● YOUR INSTRUCTIONS
Please retype the data in full and exactly; the pictures are not part of the copy.

● SUPPLIED MATERIAL

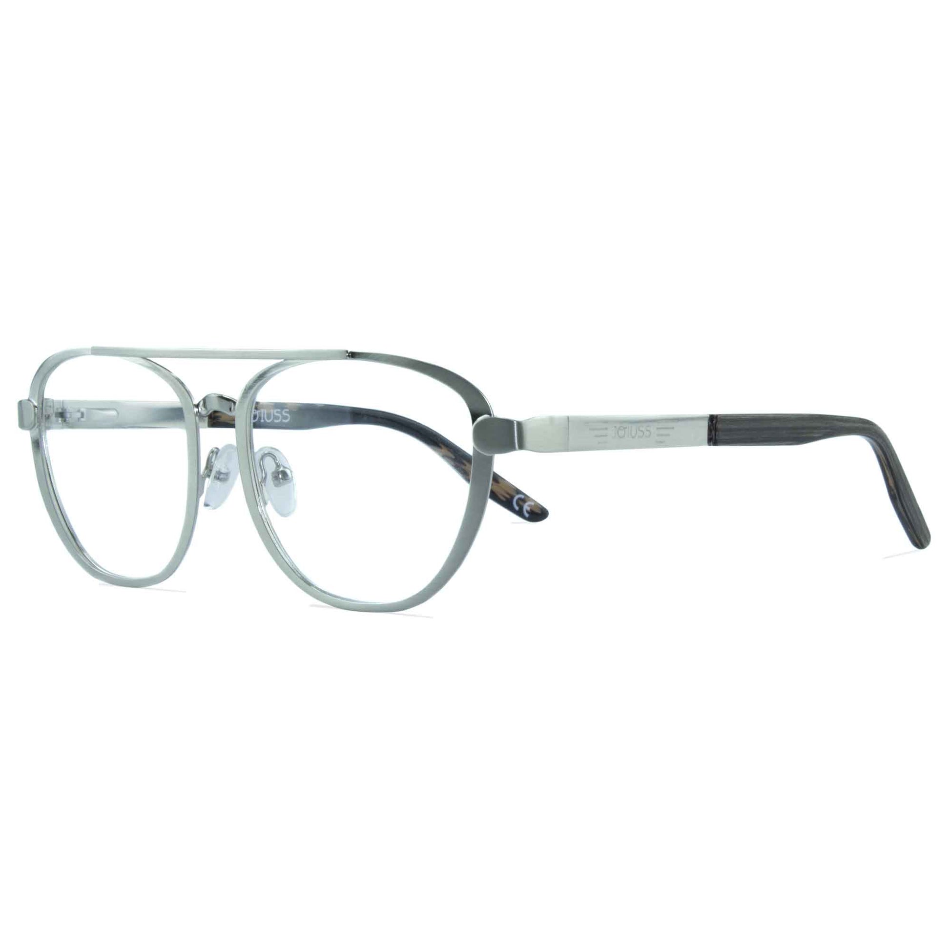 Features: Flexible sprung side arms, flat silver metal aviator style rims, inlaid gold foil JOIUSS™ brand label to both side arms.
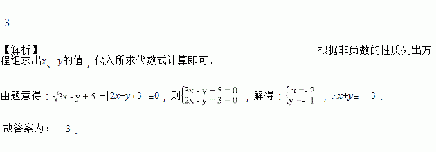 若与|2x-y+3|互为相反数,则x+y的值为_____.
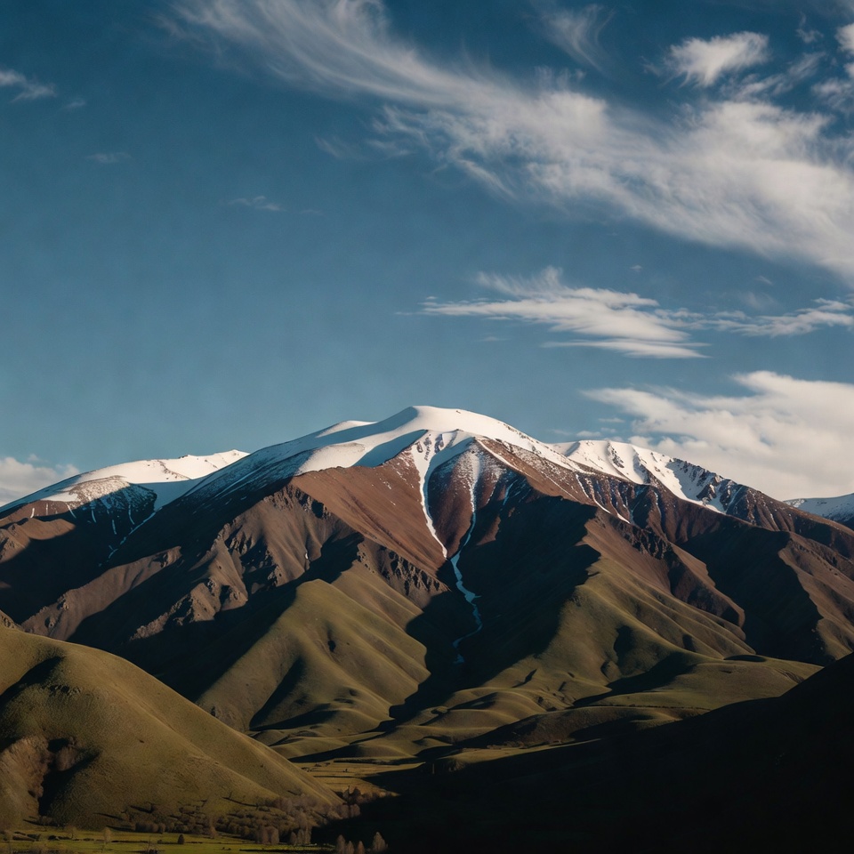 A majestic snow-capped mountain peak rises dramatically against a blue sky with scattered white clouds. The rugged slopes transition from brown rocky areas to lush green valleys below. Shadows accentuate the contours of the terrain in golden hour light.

● RESULT FOR THIS EXERCISE
 Features: Flexible sprung side arms, flat silver metal aviator style rims, inlaid gold foil JOIUSS™ brand label to both side arms.
 若与|2x-y+3|互为相反数,则x+y的值为_____.
 A majestic snow-capped mountain peak rises dramatically against a blue sky with scattered white clouds. The rugged slopes transition from brown rocky areas to lush green valleys below. Shadows accentuate the contours of the terrain in golden hour light.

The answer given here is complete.